Der Regisseur Michel Franco wurde 1979 in Mexiko-Stadt geboren. Sein Spielfilmdebüt „Daniel & Ana“ lief 2009 in Cannes, wie auch sein zweiter Spielfilm „Después de Lucía“ (2012). „Chronic“ (2012) war sein erster englischsprachiger Film. Sein dystopischer Thriller „New Order“ lief 2020 in Venedig, ebenso die Filme „Sundown“ (2021) und „Memory“ (2023).

taz: Ist dieser Ansatz auch dafür verantwortlich, dass Ihre Filme gerade thematisch immer wieder höchst unterschiedlich sind?

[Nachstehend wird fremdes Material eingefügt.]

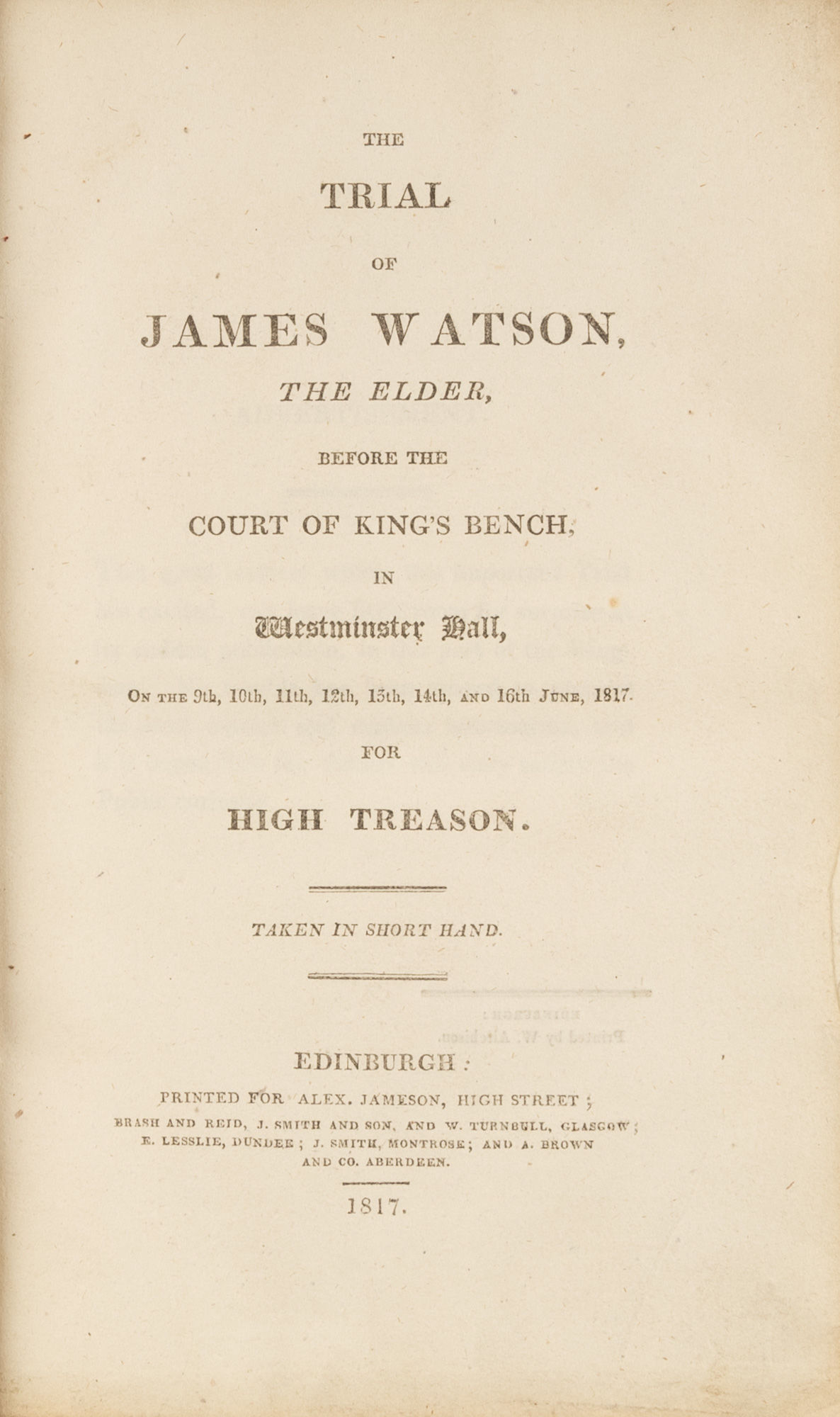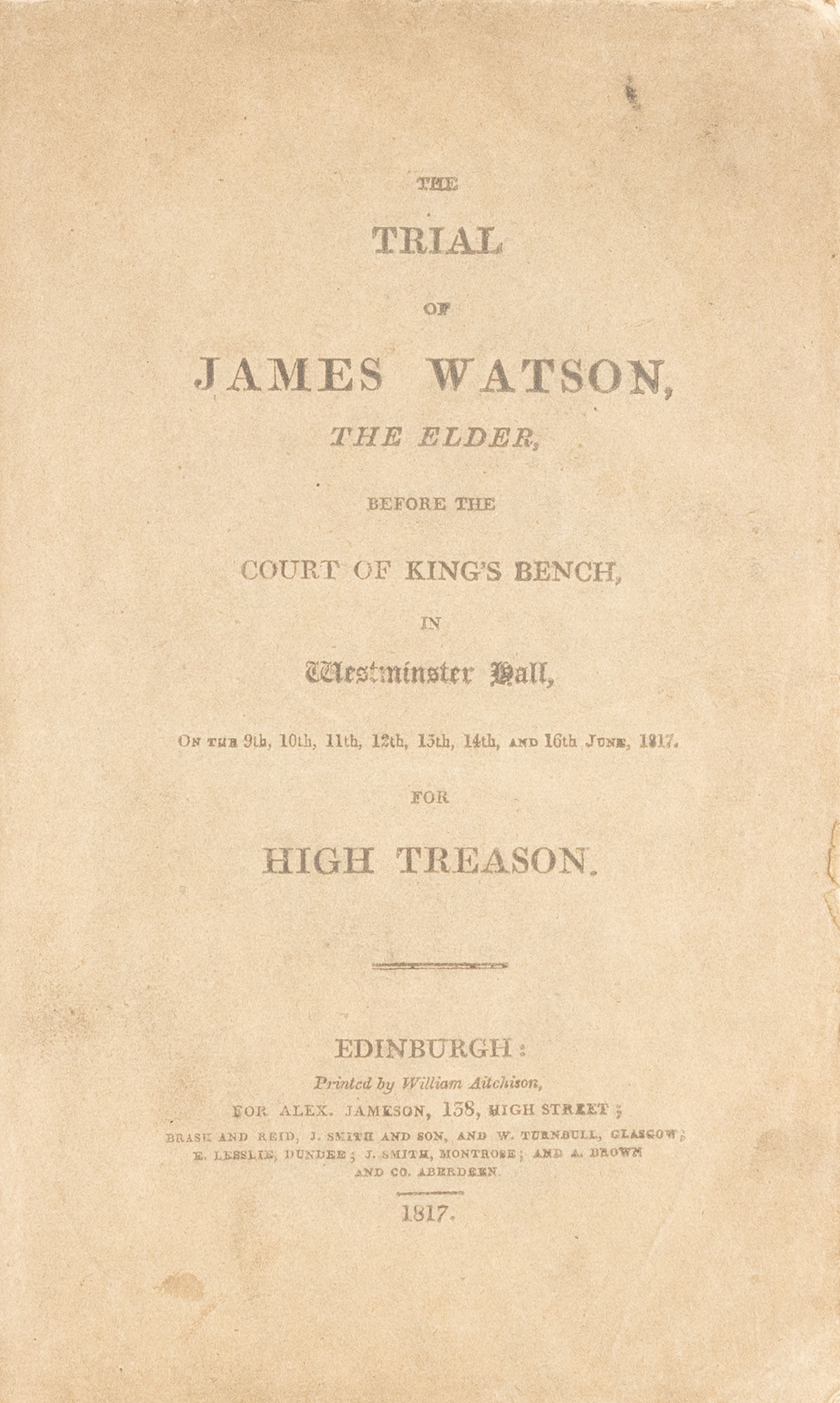 1817. Edinburgh, 1817. Edinburgh, 1817. Trial of a Leader of an 1816 Plot to Overthrow the British Government [Trial]. Watson, James [1766?-1838], Defendant. The Trial of James Watson, The Elder, Before the Court of King's Bench, In Westminster Hall, On the 9th, 10th, 11th, 12th, 13th, 14th, And 16th June, 1817. For High Treason. Taken in Short Hand. Edinburgh: Printed for Alex. Jameson [et al.], 1817. [vi], 250 pp. Octavo (8-3/4" x 5-1/2"). Printed wrappers, edges untrimmed, bound in later patterned cloth, gilt-stamped title and date to spine. Light rubbing to boards and extremities, spine ends and corners bumped and lightly worn, front hinge starting, rear hinge cracked. Light toning to interior, very light foxing to a few leaves, light soiling to wrappers, ownership signature (of William Macmath) dated April 29, 1868 to inside of front wrapper. $150. * Only edition. Watson was tried for his role in the Spa Fields riot. This riot followed a pair of meetings held by revolutionaries at Spa Fields, Islington, England on November 15 and December 2, 1816. Opponents of the government, they resolved to encourage rioting and then seize control of the government by capturing the Tower of London and the Bank of England. Watson, Arthur Thistlewood and three other leaders were arrested and charged with high treason as a result. Watson was acquitted and the other three were released without trial. Thistlewood would go on to lead the failed Cato Street Conspiracy in 1820. OCLC locates 7 copies of this title in North American law libraries (Yale, Columbia, University of Minnesota, University of Missouri, LA County, Library of Congress, Social Law).

Franco: Ja, das kann sein. Und es freut mich, wenn Sie das so wahrnehmen. Denn auch wenn ich meine Arbeit als Filmemacher nicht als Karriere betrachte, die ich planen oder steuern kann, liegt mir doch viel daran, nicht immer wieder den gleichen Film zu drehen. Sich nicht zu wiederholen ist gar nicht so einfach, aber es wäre auch banal und oberflächlich, auf Teufel komm raus jedes Mal etwas komplett anderes zu machen, nur um der Veränderung willen. Womit wir wieder beim Kalkül sind – und das ist eben nicht mein Ding. Anders als mir manchmal unterstellt wird, suche ich mir auch nicht Themen aus, mit denen ich provozieren will. Mein Ansatz ist vielmehr absolute Ehrlichkeit, und meine Drehbücher sind immer eine unmittelbare Reaktion darauf, wie es mir geht und was mich umtreibt. Auch deswegen feile ich nicht sechs Jahre lang an einem Drehbuch. Was rausmuss, muss raus. Mein vorangegangener Film, „Sundown“, etwa entstand aus einer existenziellen Lebenskrise, die ich durchmachte. Während der Arbeit an „Memory“ war ich sehr viel ruhiger und zufriedener, sodass ich mich zum Beispiel erstmals der Liebe als Thema annahm.

taz: Wie früh kam in diesem Kontext eigentlich der Kontakt zu Oscar-Gewinnerin Jessica Chastain zustande? Haben Sie die weibliche Hauptrolle schon für Sie geschrieben?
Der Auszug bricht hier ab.